Such returns, reports and information statements are true and
correct in all material respects insofar as they relate to the
activities of LM. On the date of this Agreement, LM is not
delinquent in the payment of any such tax or assessment, and
no deficiencies for any amount of such tax have been proposed
or assessed. Any tax sharing agreement among or between LM
and any affiliate thereof shall be terminated as of the
Closing Date.
(l) CONTRACTS. Set forth on SCHEDULE 4.1(l) hereto is a true and
complete list of all material contracts, agreements or
commitments to which LM is a party or is bound. All such
material contracts, agreements and commitments are valid and
biding on LM in accordance with their terms.
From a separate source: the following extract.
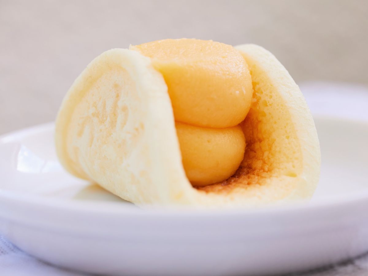 「わっふる21」のワッフルは、楕円形に焼いたやわらかいスポンジ生地にカスタードクリームをのせて、ふんわりと柏餅のように挟んだもの。ワッフルといえば“ベルギーワッフル”を思い浮かべる人も多いと思いますが、実はこれ、明治時代に日本で広まったワッフルを踏襲したものなのだそう。“日本風ワッフル”ともよばれていて、ふわふわと軽いくちどけが特徴なんです。

(m) INSURANCE. Set forth on SCHEDULE 4.1(m) hereto is a list of
insurance policies currently maintained by LM in full force
and effect which provide for coverages which are usual and
customary in its business as to amount and scope, and are
adequate to protect LM against any reasonably foreseeable risk
of loss.
(n) OPERATING AUTHORITIES. To the best of its knowledge, LM has
all material operating authorities, governmental certificates,
and licenses, permits, authorizations and approvals (the
"Permits" or, individually, "Permit") required to conduct its
business as presently conducted. Such Permits are set forth
on SCHEDULE 4.1(n). Since LM's inception (i) there has not
been any notice or adverse development regarding such Permits;
(ii) such Permits are in full force and effect; (iii) no
material violations are or have been recorded in respect of
any Permit; and (iv) no proceeding is pending or threatened to
revoke or limit any Permit.
(o) CONTINUATION OF KEY MANAGEMENT. To the best of its knowledge,
LM's key management personnel intend to continue their
employment with LM after the Closing. For purposes of this
subsection 4.1(o), "key management personnel" shall include
Xxxxxxx Xxxxx, Xxxxxx Xxxxxxx, Xxxx Xxxxxx and Xxxx Xxxxxx.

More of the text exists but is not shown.